Roan Writer 3 | - Freelance Writer
Nov 12, 2014 | #1
Learning System and Programs - Literature Review
In order to be able to examine the literature that is available regarding scalable learning systems and programs, it is necessary to begin with a discussion of some of the literature about what is meant by the concept of a scalable learning system. Porter, Chakrabarti, Harvey & Kenyon that a scalable learning system has the ability to change its size based on the amount of data or the number of layers that are part of the program. For example, in a learning system that involves decision trees, larger amounts of data for a given problem will be collected over time. However, as the larger amounts of data are collected, it is possible for a program to simply run out of room. A point can occur at which no more information can be added and no more information can be processed. With a scalable learning system, the algorithms that are used to process the information and to perform the tasks can be scaled based on the data that are added. In essence, there is virtually no limit to the amount of data over which algorithms and processes can occur (Li).

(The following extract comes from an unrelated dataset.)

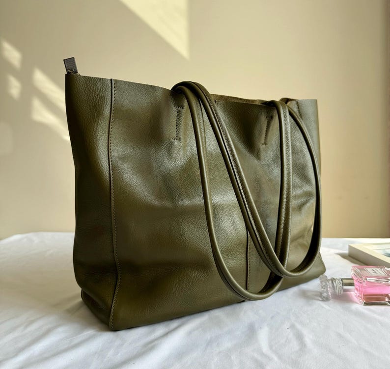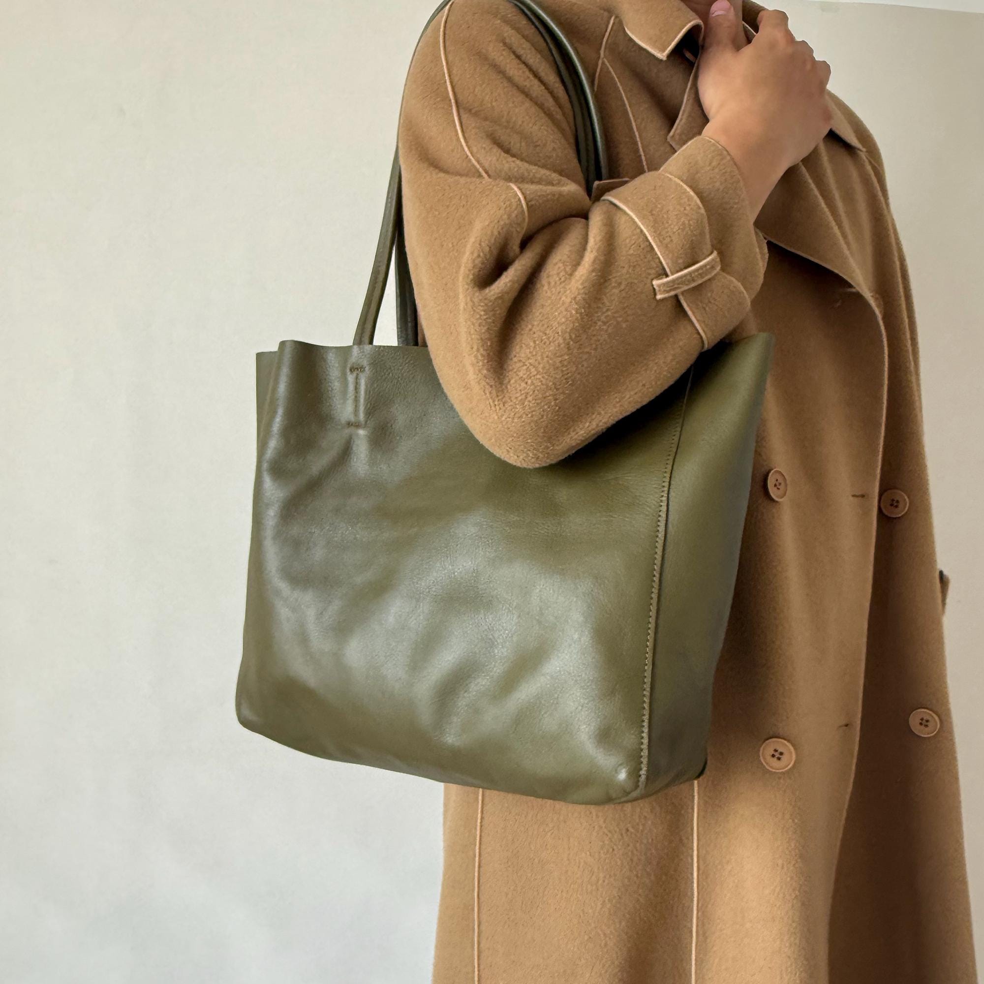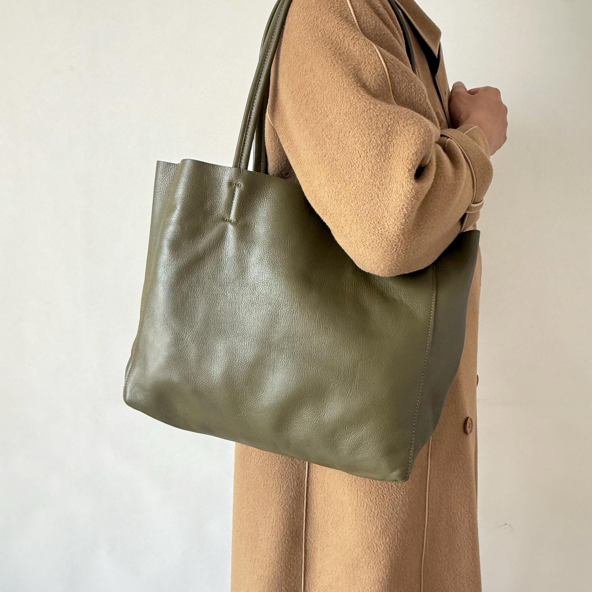 This tote pairs seamlessly with a blazer and trousers for a polished office look, a sweater and jeans for a cozy casual vibe, or a midi dress for a relaxed brunch outfit. Its muted olive hue elevates any ensemble, transitioning effortlessly between work, daily life, and casual events.
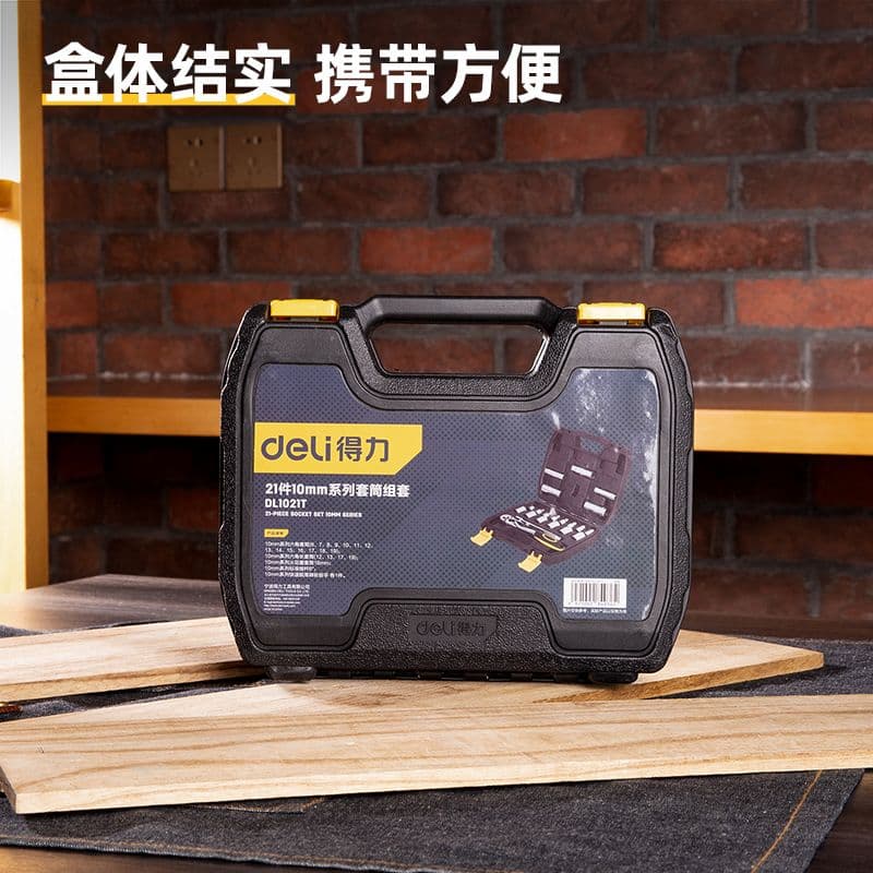 Набір торцевих головок 21 предмет Deli DL1021T — міцна сталь Cr-V для точних робіт. У комплекті: 12 стандартних метричних головок (6 – 19 мм), 4 глибокі головки (12, 13, 17, 19 мм), патрон для свічки запалювання 3/8" (150 мм) і храповий ключ 3/8". Ідеально для авто, механіки та домашнього ремонту.

Another important aspect of a scalable learning system is that it must be flexible with regards to the connections that are made between nodes and the ways in which algorithms are performed (Li). This means that rather than an algorithm reading all of the data and becoming slowed down or even stopped, a learning process occurs in which algorithms only read data in batches and connect nodes that are necessary for a specific task or situation. The benefit in this is not just about speed and efficiency, but also about the ability to operate with limited memory. As the algorithms in a program examines specific batches of data, they are placed within a computer's memory. However, once those batches of data are no longer needed, they are removed frm the memory so that the program can examine other data and perform other tasks within the memory that memory (Li).Porter, Chakrabarti, Harvey & Kenyon explained that the scale of the processing layers in scalable learning systems are essentially implied in relation to the changing size of the processes as they are performed. In this regard, the processes and algorithms that operate in such programs are indeed changing over time and are not necessarily the same size at any given time. This is indeed what makes scalable learning systems scalable in how they operate and carry out tasks and procedures. As the work that is performs changes, the programs and systems change and adapt.
The idea of a system changing and adapting based on the conditions and situations that exist is what Ma'ndziuk & Shastri noted as a system learning in increments based on smaller problems as opposed to having specific instructions to follow regardless of the situation that exists. The systems learn how to deal with smaller problems and provide information and results to users based on the problems that have been encountered. Based on the learning that occurs for one problem, then system or program will apply those results to other problems or situations that are encountered. In this way, the systems are not just scalable, but they are truly learning systems. Learning takes place by applying the information obtained from the problems faced in one situation to addressing a problem in another situation. On an overall basis, there is a learning process that occurs over time that allows the systems or programs to make connections and operate as efficiently as possible.
References
Li, X-B. A scalable decision tree system and its application in pattern recognition and intrusion detection. Decision Support Systems, 41(1), 112-130.
Ma'ndziuk, J. & Shastri, L. Incremental class learning approach and its applications to handwritten digit recognition. Proceedings of the Fifth International Conference on Neuro-Information processing, 21-23.
Porter, R., Chakrabarti, C., Harvey, N. & Kenyon, g. A scalable learning system for video recognition IEEE, March, 1-8.